**To do:** Retype each line of the listing below, from the first through the one holding "A large sign", with no other lines.

-------------------------

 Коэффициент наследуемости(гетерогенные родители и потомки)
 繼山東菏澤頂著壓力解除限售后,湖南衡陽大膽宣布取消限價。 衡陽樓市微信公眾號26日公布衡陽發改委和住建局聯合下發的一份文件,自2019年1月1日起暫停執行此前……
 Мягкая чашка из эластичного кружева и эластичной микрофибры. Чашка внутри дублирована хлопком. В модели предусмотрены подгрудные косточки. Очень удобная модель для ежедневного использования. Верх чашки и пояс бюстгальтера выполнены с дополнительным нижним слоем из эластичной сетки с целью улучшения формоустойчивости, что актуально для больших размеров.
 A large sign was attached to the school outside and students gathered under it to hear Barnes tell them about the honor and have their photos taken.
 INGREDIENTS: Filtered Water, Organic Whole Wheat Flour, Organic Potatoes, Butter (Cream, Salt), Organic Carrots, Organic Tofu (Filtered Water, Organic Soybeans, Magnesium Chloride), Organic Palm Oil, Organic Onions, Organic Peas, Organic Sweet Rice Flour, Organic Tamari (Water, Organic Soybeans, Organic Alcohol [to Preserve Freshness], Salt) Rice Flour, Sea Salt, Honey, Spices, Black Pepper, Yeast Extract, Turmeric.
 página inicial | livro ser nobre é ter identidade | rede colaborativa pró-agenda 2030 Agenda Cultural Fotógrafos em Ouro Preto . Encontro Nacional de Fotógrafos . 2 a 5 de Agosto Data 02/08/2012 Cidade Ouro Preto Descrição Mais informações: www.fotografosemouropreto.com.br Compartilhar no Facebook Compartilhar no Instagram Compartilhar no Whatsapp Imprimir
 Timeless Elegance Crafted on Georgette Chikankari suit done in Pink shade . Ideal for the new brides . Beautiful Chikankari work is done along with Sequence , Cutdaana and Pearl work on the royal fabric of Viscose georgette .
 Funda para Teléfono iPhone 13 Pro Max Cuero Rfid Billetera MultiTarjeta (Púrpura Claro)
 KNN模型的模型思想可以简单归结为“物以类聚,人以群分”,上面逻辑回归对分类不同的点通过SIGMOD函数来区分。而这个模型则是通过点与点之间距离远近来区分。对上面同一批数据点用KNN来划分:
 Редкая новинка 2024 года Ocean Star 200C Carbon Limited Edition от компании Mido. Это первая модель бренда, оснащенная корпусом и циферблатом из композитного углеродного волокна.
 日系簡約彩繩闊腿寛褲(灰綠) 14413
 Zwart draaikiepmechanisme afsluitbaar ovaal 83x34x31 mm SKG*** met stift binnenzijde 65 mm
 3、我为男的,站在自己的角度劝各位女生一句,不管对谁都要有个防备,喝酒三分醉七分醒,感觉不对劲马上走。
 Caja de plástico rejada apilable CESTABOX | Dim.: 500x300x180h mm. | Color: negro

-------------------------

**Exercise result:**
 Коэффициент наследуемости(гетерогенные родители и потомки)
 繼山東菏澤頂著壓力解除限售后,湖南衡陽大膽宣布取消限價。 衡陽樓市微信公眾號26日公布衡陽發改委和住建局聯合下發的一份文件,自2019年1月1日起暫停執行此前……
 Мягкая чашка из эластичного кружева и эластичной микрофибры. Чашка внутри дублирована хлопком. В модели предусмотрены подгрудные косточки. Очень удобная модель для ежедневного использования. Верх чашки и пояс бюстгальтера выполнены с дополнительным нижним слоем из эластичной сетки с целью улучшения формоустойчивости, что актуально для больших размеров.
 A large sign was attached to the school outside and students gathered under it to hear Barnes tell them about the honor and have their photos taken.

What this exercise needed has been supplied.